**EXERCISE BRIEF**
Directions for the data below: repeat exactly the lines from the one with "Orkiestra z Ostrzeszowa." through the one with "17500012 9.0皿 ¥2,900 D27.8×H4 OF", both included, and omit all pictures.

**EXERCISE INPUT**
□ □ □
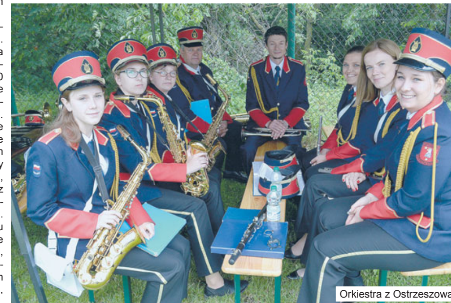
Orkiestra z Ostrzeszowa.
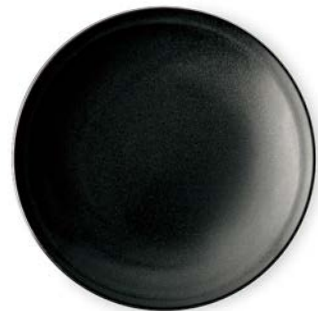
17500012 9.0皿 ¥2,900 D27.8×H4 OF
□ □ □
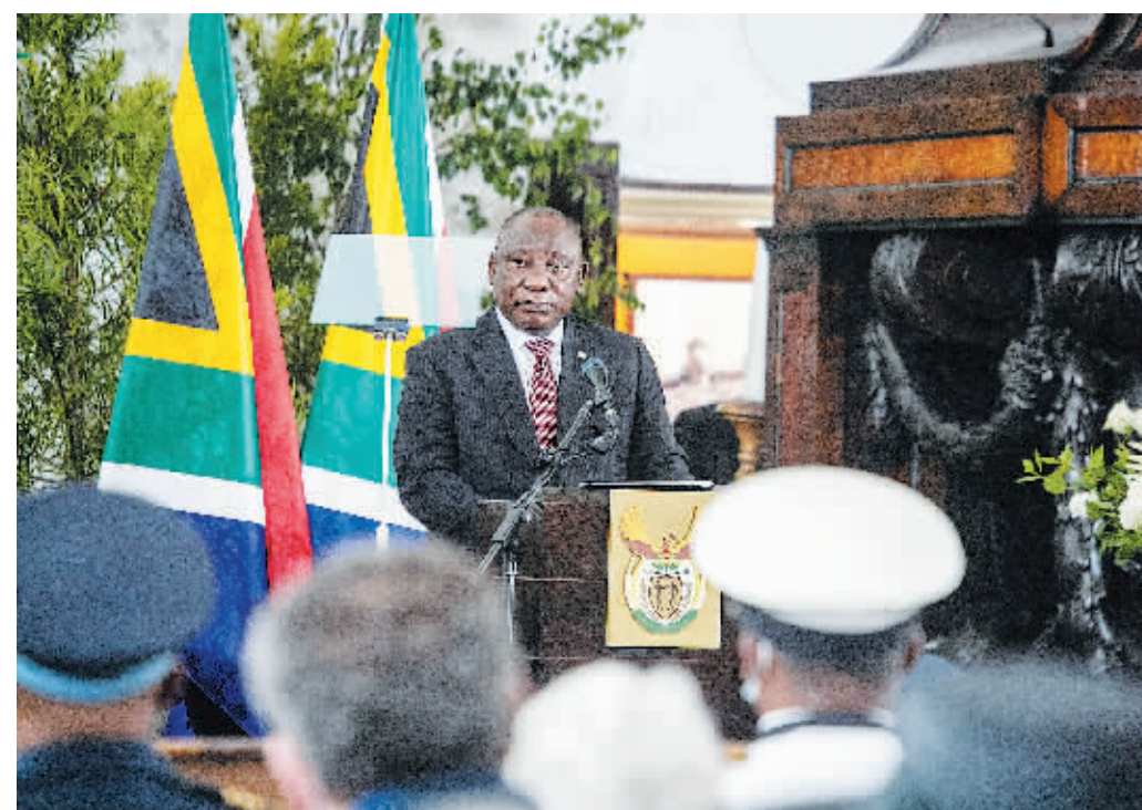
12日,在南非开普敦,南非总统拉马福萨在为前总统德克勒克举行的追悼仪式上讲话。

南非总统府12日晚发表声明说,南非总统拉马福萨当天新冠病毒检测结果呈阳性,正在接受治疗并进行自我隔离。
□ □ □
**ANSWER SECTION**
Orkiestra z Ostrzeszowa.
17500012 9.0皿 ¥2,900 D27.8×H4 OF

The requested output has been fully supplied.